Q. I am flying into Los Angeles International Airport from Tokyo on Korean Air, arriving at 9:15 a.m.  I am connecting to another flight departing at 11:10 a.m. on American Airlines to Sacramento.  Do you think two hours is enough time for me to make it onto that domestic flight, given I also have checked luggage? Would Korean Air help me transfer my luggage to American Airlines? Or would I have to claim luggage, go through customs, and reenter American Airlines' terminal and go through the check in process again?

A. Whenever you transfer from an inbound international flight to a domestic connecting flight, you have to claim your bags and go through customs and immigration. Then you have to check your bags in with the connecting airline. If all goes well and your inbound  flight is on time, it's conceivable that two hours is enough time, but when you do the math, you'll see that you're cutting it close and setting yourself up for stress.

Figure it takes 10-15 minutes just to deplane a wide body jet depending on the class of service you're flying in (they let the economy class flyers deplane last).  Walking to baggage claim might take another 10 minutes. Waiting for your bags to appear? Typically 15 minutes but it could take longer. Going through passport control? Who knows. It could take anywhere from 10 minutes to an hour.

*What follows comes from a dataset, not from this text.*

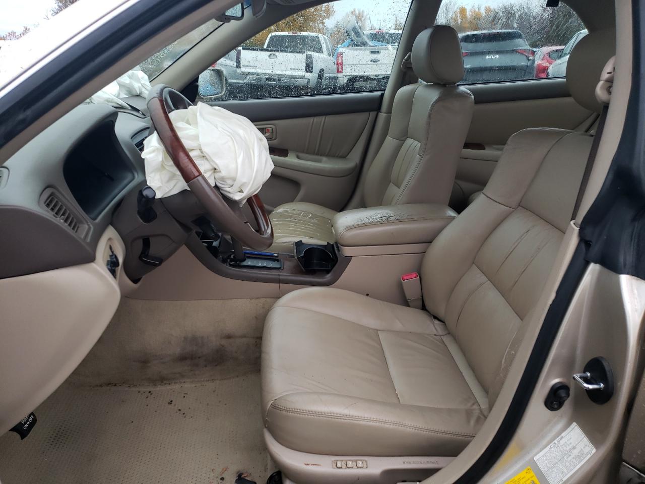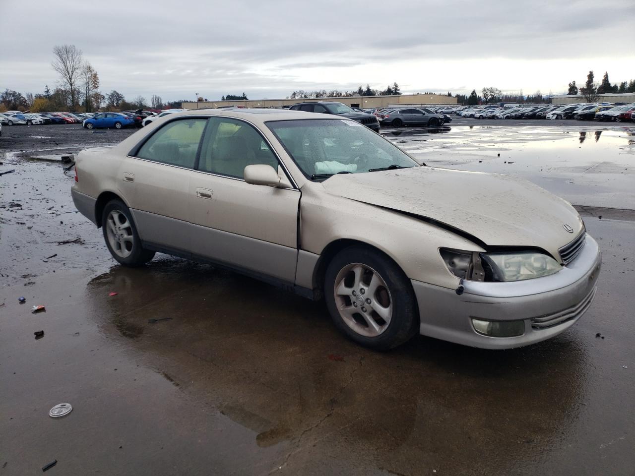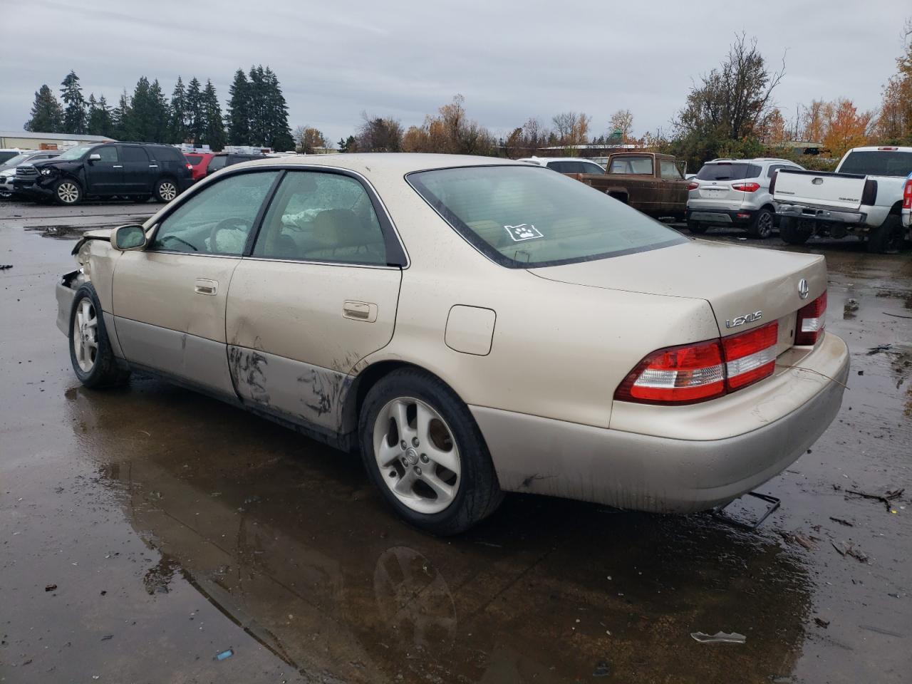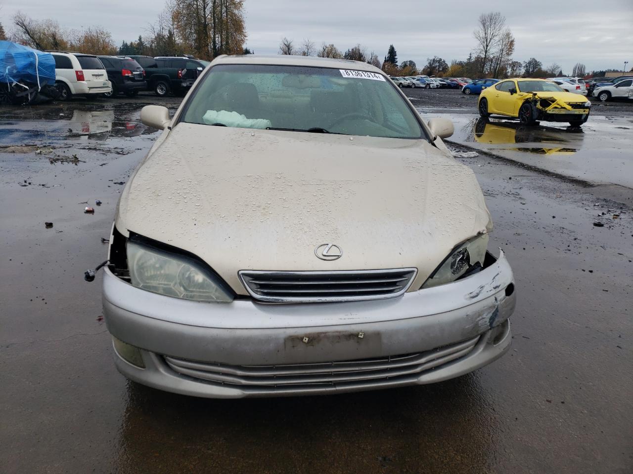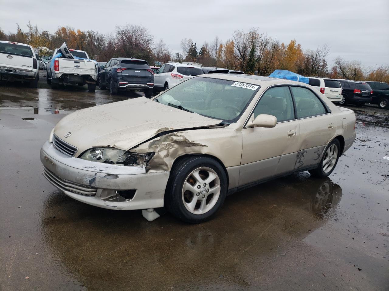 FairThis is a 2001 Lexus ES300, tan in color. It presents with significant front-end and side damage. The primary damage is to the front end, while the secondary damage affects the side of the vehicle. Interior damage includes deployed airbags. The wheels appear to be in acceptable condition, and the lights and glasses also have visible damage.
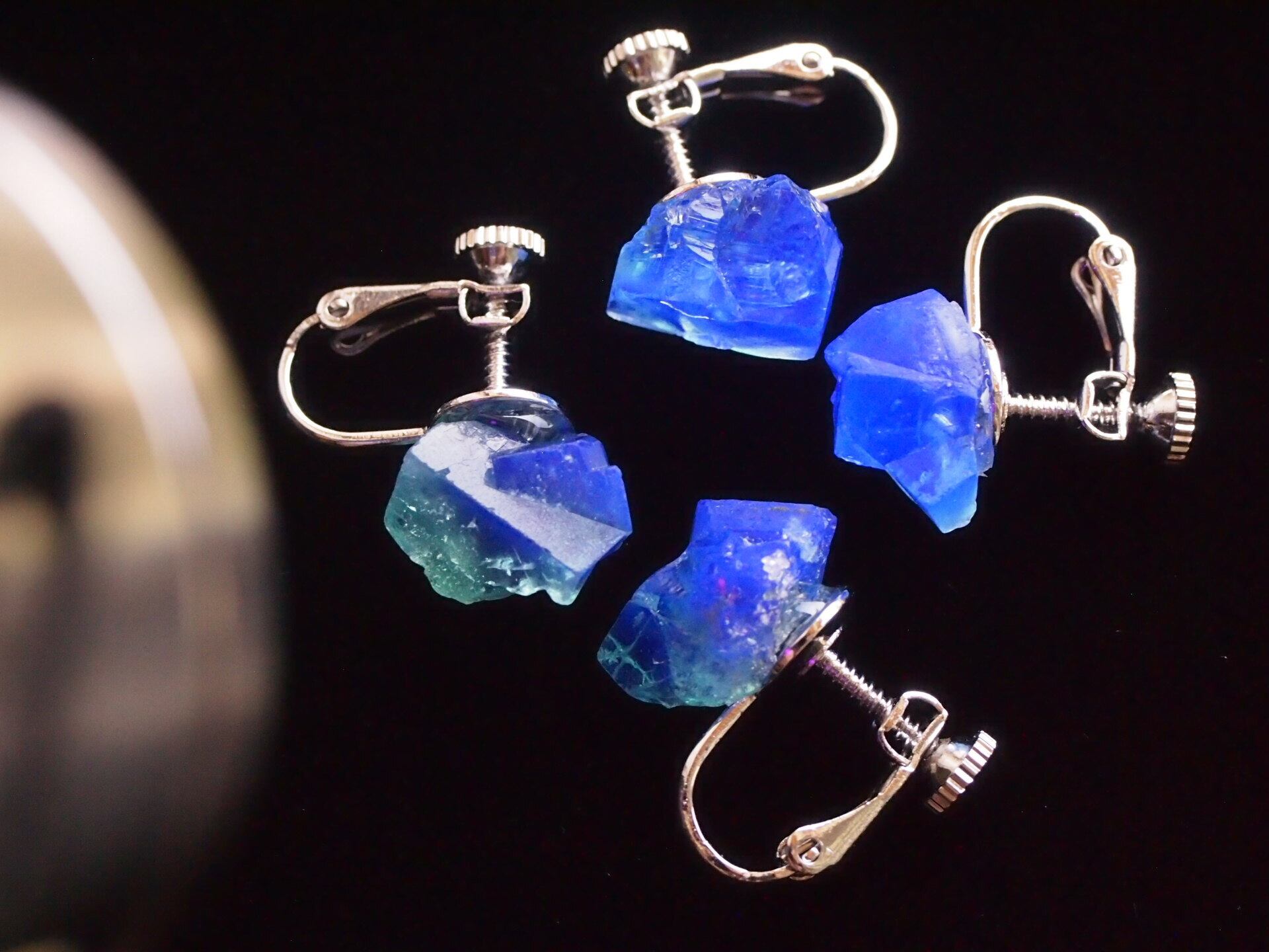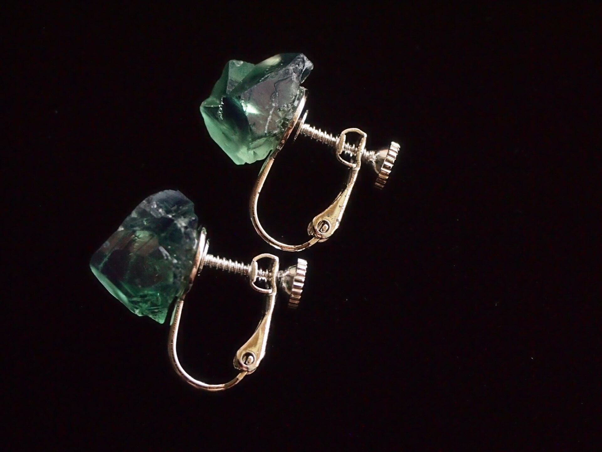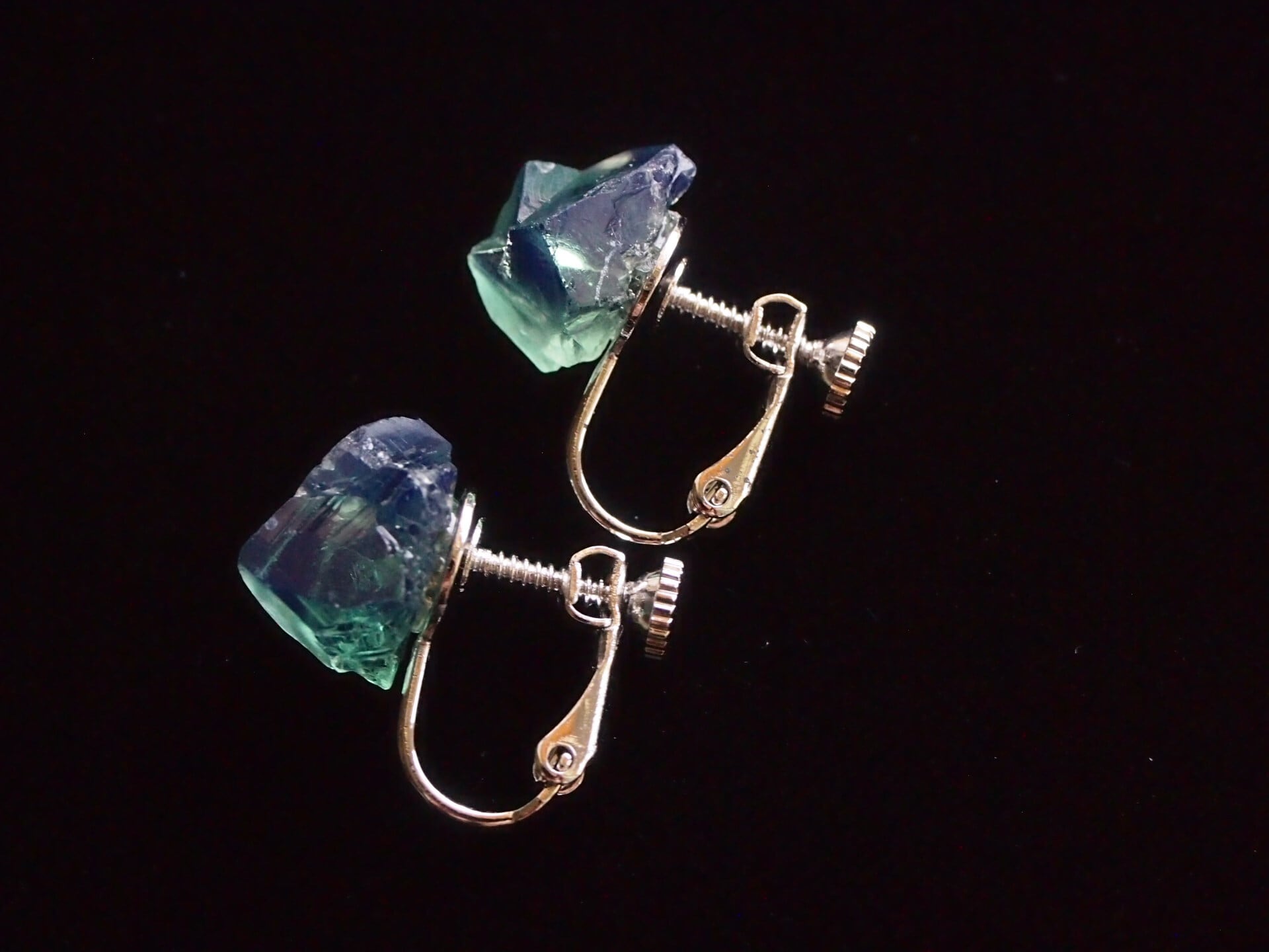 強蛍光でよく知られるイギリスのロジャリー鉱山のフローライトの結晶で、イヤリングを制作しました✧

Then you have to change terminals, check in your bags with the connecting airline, go through TSA, walk to the gate, and be in your seat 15 minutes before departure or they might give your seat away.  So is 1 hour and 55 minutes enough time? I'm having heart palpitations even thinking about it. I'd give yourself at least four hours to make a connection like this safely.

Can they really change my flight and charge me more?

Q. I was booked on a nonstop flight, which was canceled and instead put on a connecting flight on the same airline. Because it connected, I was charged an additional passenger facility fee of $10. Can the airlines do this? Is it fair?

A. This is simply ludicrous. But yes they can, and no it is not. The money goes to the airport, not the airline.